:: What to produce ::
What you give back must match the records below exactly, apart from the pictures, which are omitted.

:: The input ::
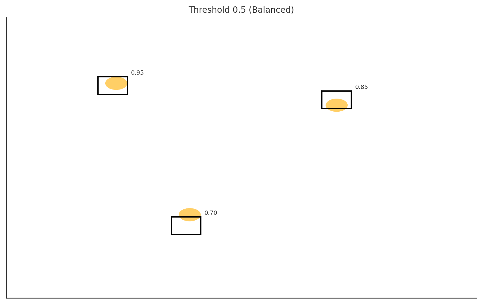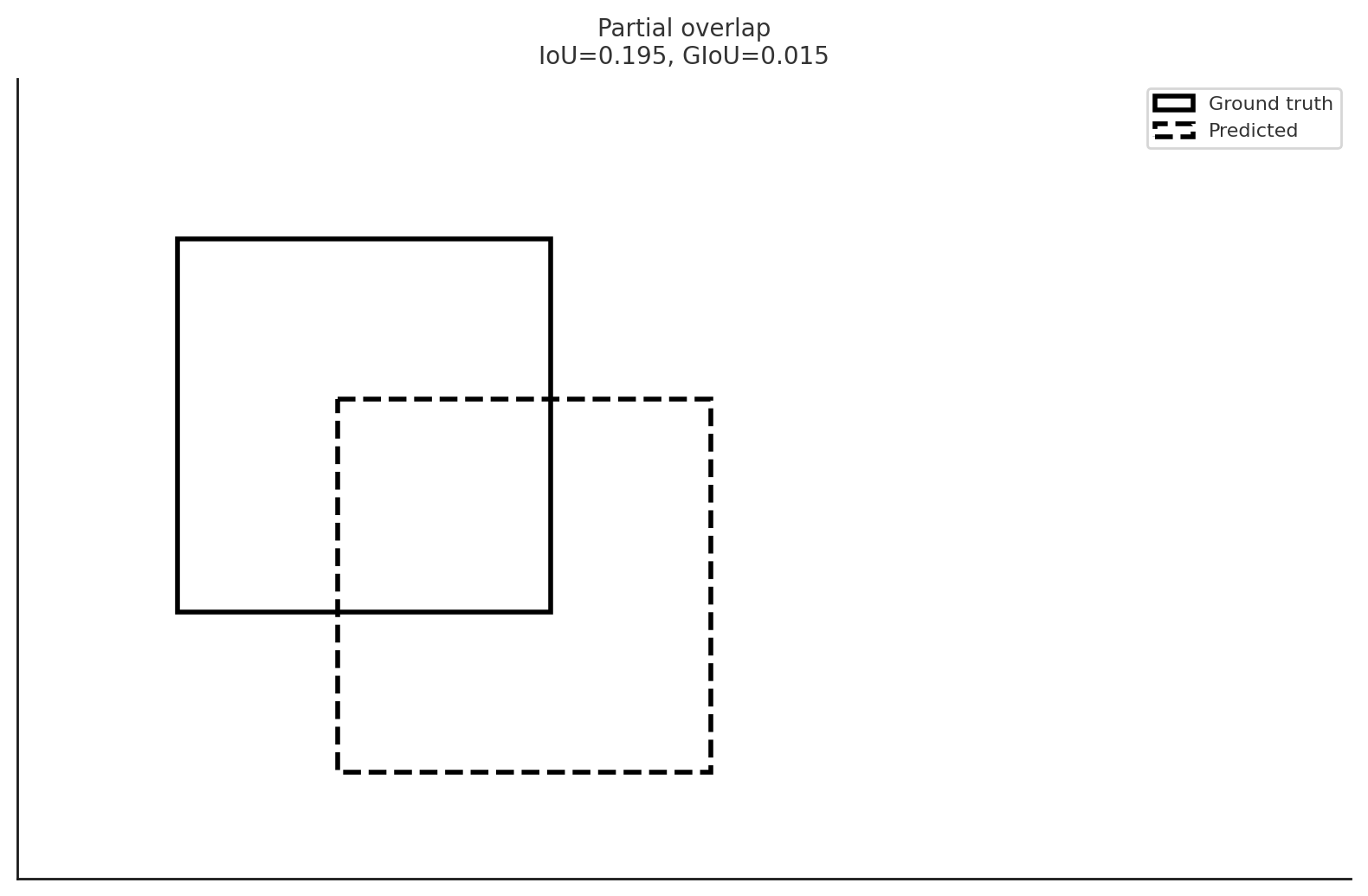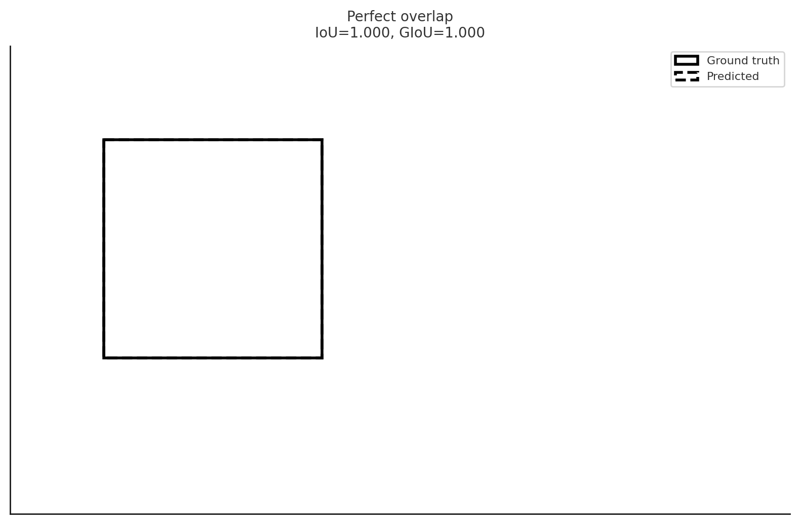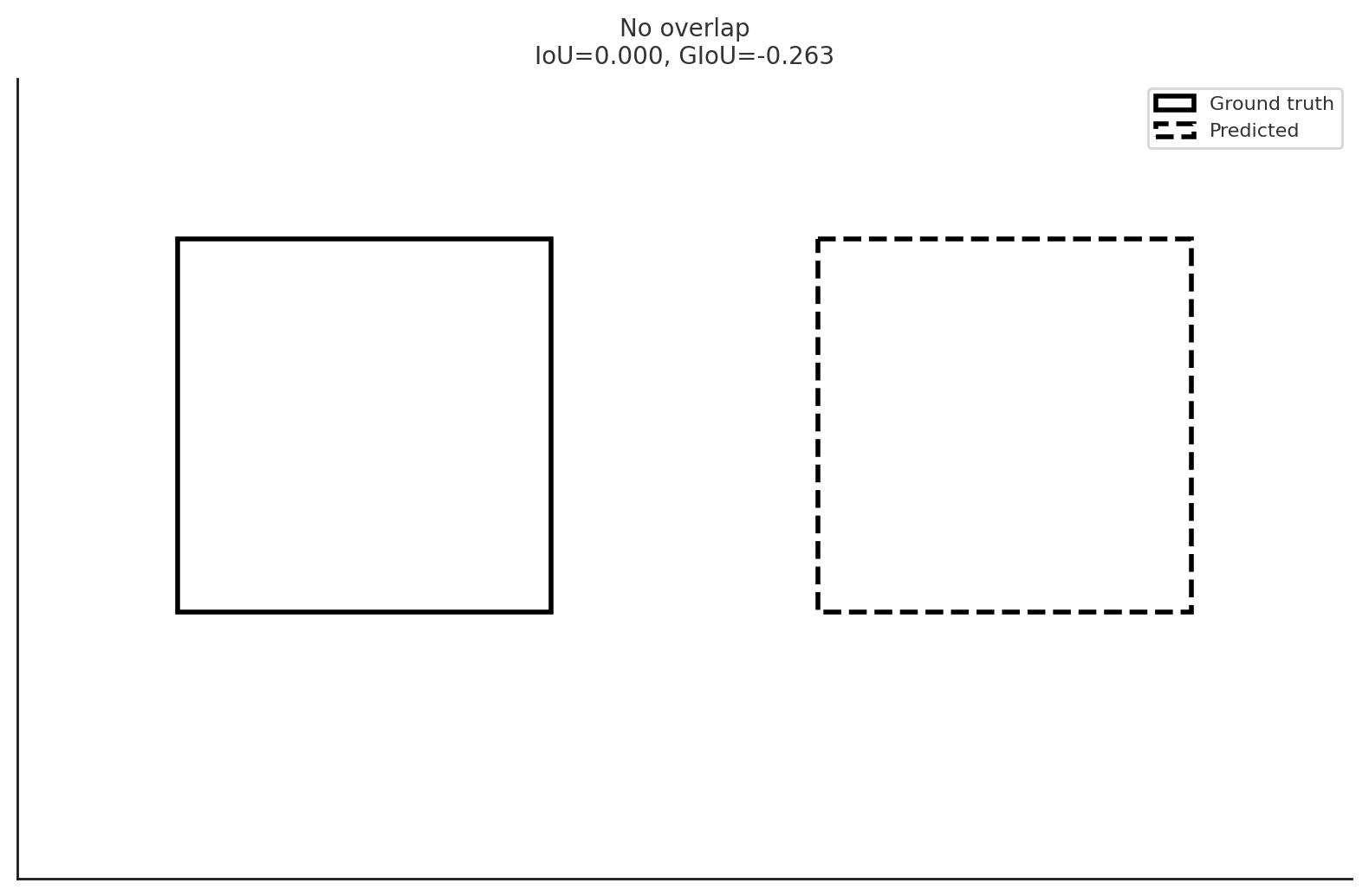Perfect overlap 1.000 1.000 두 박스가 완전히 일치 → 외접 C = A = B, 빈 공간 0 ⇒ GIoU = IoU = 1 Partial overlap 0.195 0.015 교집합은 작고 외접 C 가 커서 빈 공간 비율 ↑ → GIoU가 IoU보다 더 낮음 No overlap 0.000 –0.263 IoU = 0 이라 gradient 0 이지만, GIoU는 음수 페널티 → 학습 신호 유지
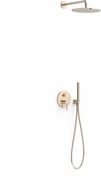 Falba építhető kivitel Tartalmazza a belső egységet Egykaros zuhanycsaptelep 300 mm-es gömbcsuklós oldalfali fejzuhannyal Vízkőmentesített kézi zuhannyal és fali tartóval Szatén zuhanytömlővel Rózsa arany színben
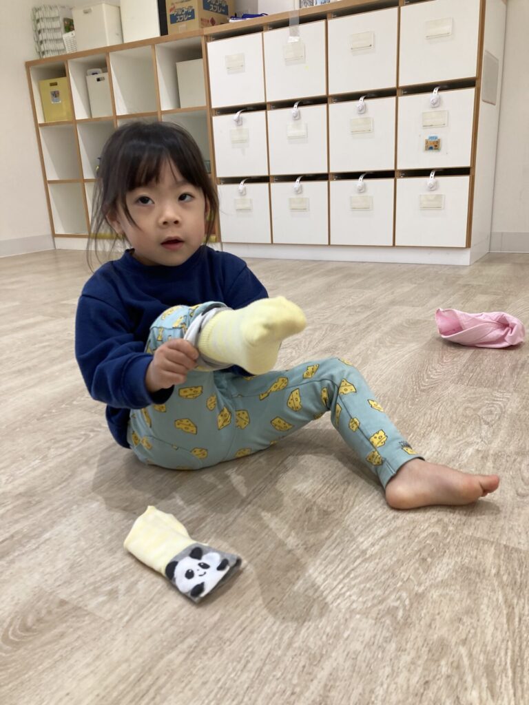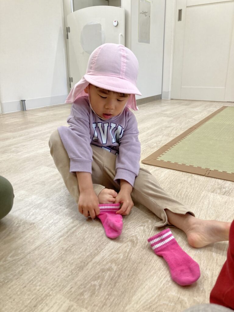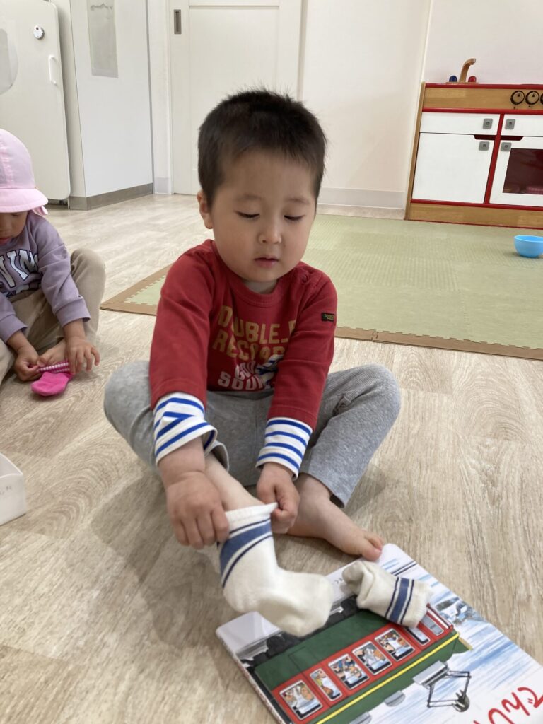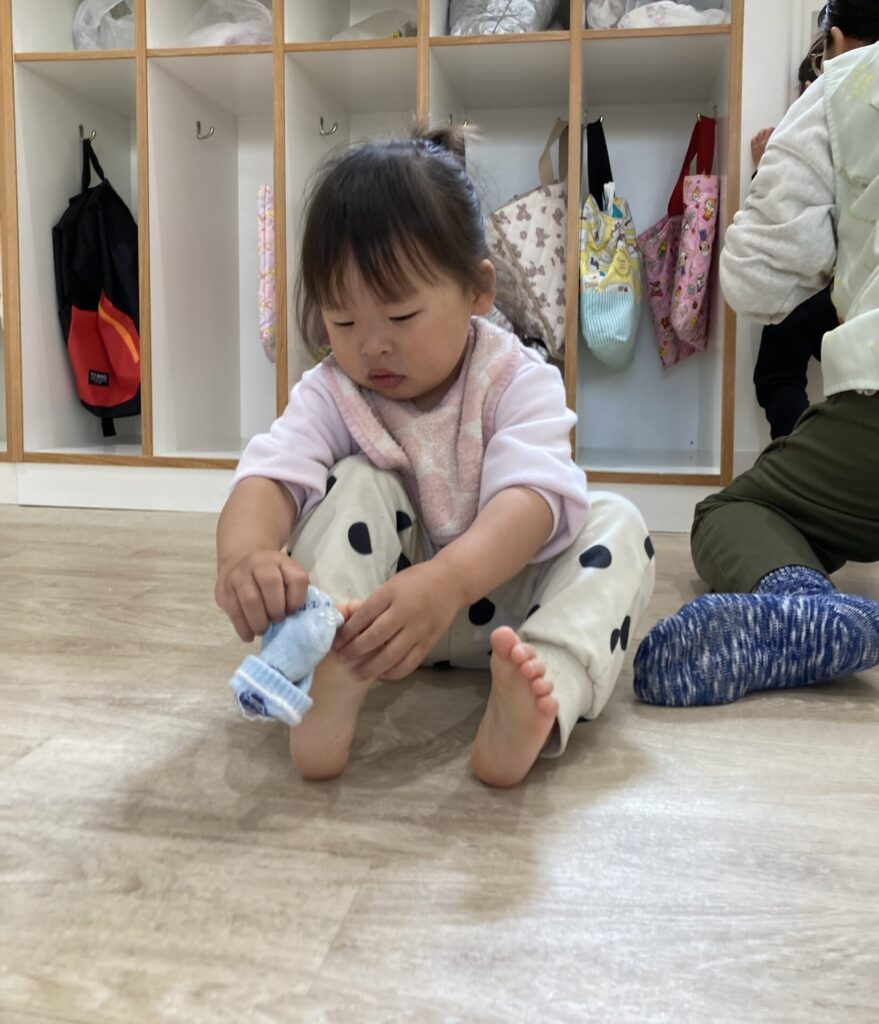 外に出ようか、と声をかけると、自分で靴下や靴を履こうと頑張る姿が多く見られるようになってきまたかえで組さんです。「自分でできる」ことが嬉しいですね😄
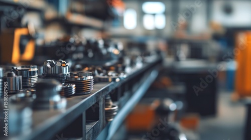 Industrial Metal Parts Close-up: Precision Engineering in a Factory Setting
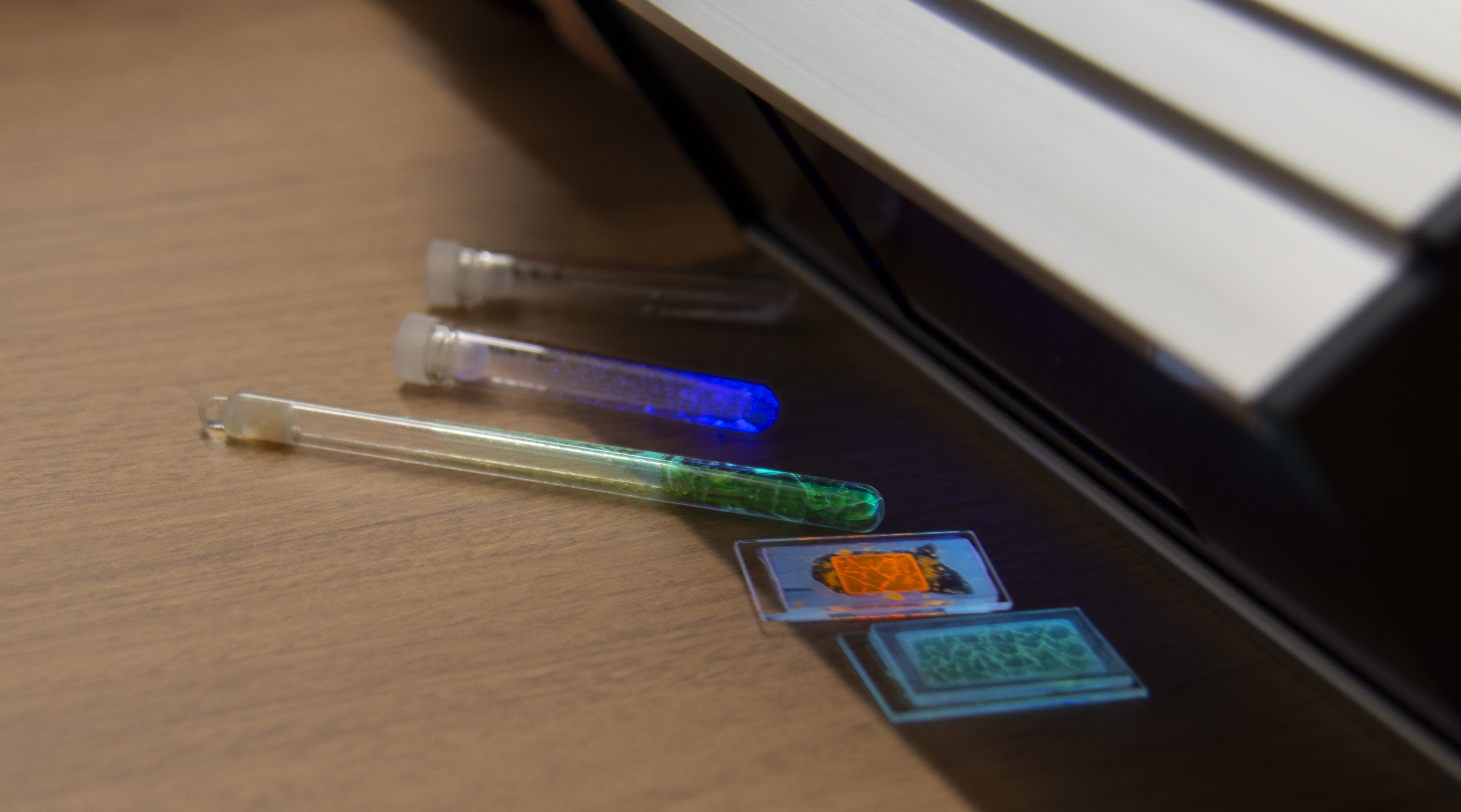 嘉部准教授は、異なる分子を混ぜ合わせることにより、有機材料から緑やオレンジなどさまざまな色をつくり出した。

:: Output ::
Perfect overlap 1.000 1.000 두 박스가 완전히 일치 → 외접 C = A = B, 빈 공간 0 ⇒ GIoU = IoU = 1 Partial overlap 0.195 0.015 교집합은 작고 외접 C 가 커서 빈 공간 비율 ↑ → GIoU가 IoU보다 더 낮음 No overlap 0.000 –0.263 IoU = 0 이라 gradient 0 이지만, GIoU는 음수 페널티 → 학습 신호 유지
 Falba építhető kivitel Tartalmazza a belső egységet Egykaros zuhanycsaptelep 300 mm-es gömbcsuklós oldalfali fejzuhannyal Vízkőmentesített kézi zuhannyal és fali tartóval Szatén zuhanytömlővel Rózsa arany színben
 外に出ようか、と声をかけると、自分で靴下や靴を履こうと頑張る姿が多く見られるようになってきまたかえで組さんです。「自分でできる」ことが嬉しいですね😄
 Industrial Metal Parts Close-up: Precision Engineering in a Factory Setting
 嘉部准教授は、異なる分子を混ぜ合わせることにより、有機材料から緑やオレンジなどさまざまな色をつくり出した。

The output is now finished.